Folle Journée 2013 (3) : L’amour sorcier de Manuel de Falla, où l’on ne taille pas dans la vie sans se couper

Nous parlons d’un homme rongé toute sa vie par le mal causé par la syphilis qu’il avait contracté lors de son premier et probablement unique rapport sexuel, tarifé, alors qu’il était jeune homme.

Le chef-d’oeuvre de Manuel de Falla (1876-1946), L’amour sorcier (1915), est interprété par la chanteuse de flamenco Antonia Contreras au chant et l’Orchestre Poitou-Charentes sous la direction de Jean-François Heisser.

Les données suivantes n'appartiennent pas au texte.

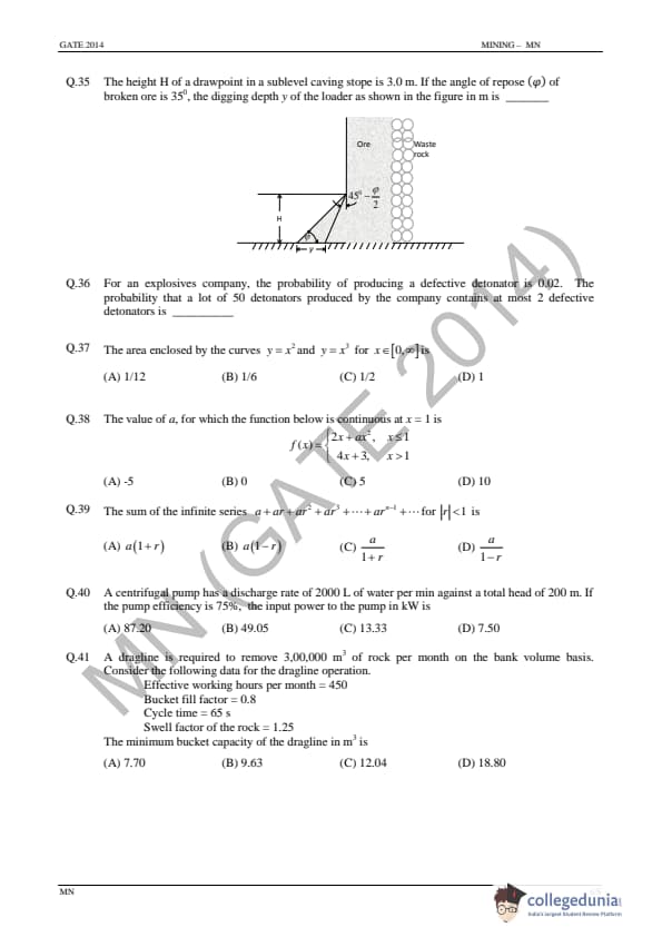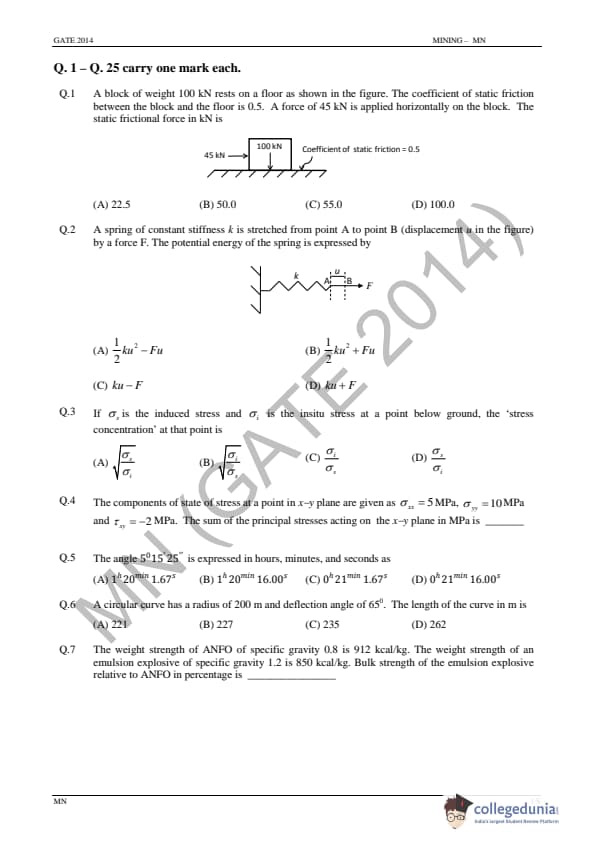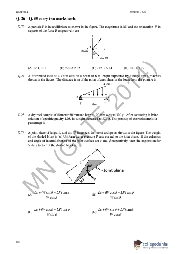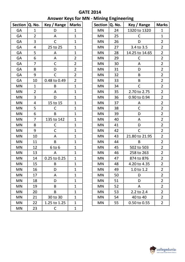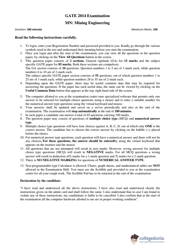 GATE 2014 MN Question Paper with answer key is available for download in the details. GATE 2014 MN exam was conducted by the Indian Institute of Technology (IIT) Kharagpur. The questions of GATE Mining Engineering (MN) 2014 were from the General Aptitude and core Mining Engineering section. The total questions in GATE 2014 MN Paper were 65 out of which the General Aptitude sections comprise 10 questions and the Mining Engineering section consisted of 55 questions and the total marks of the MN paper are 100. The overall difficulty of GATE 2014 MN paper was rated as easy to moderate.

L’amour sorcier est un chant gitan de l’amour “semblable au feu follet, tu le fuis et il te poursuit, tu l’appelles et il se sauve“. Antonia Contreras offre sa puissance vocale et physique au service de cette histoire de jalousie et de possession : “je suis la voix de ta destinée ! Je suis le feu dans lequel tu te consumes ! Je suis le vent dans lequel tu soupires ! Je suis la mer dans laquelle tu as échoué !”. L’Orchestre sublime la Danse rituelle du feu avant de redonner la parole à la chanteuse qui porte les derniers feux de la passion d’un amoureux de l’amour qui allait se tourner avec moins de bonheur vers Dieu. A propos du jeune homme qui se plaignait de la complexité des femmes qui fuyaient lorsqu’on était trop insistant et couraient après ceux qui les délaissaient, René Char écrivait : “il sera toujours temps d’apprendre à Claude qu’on ne taille pas dans sa vie sans se couper”.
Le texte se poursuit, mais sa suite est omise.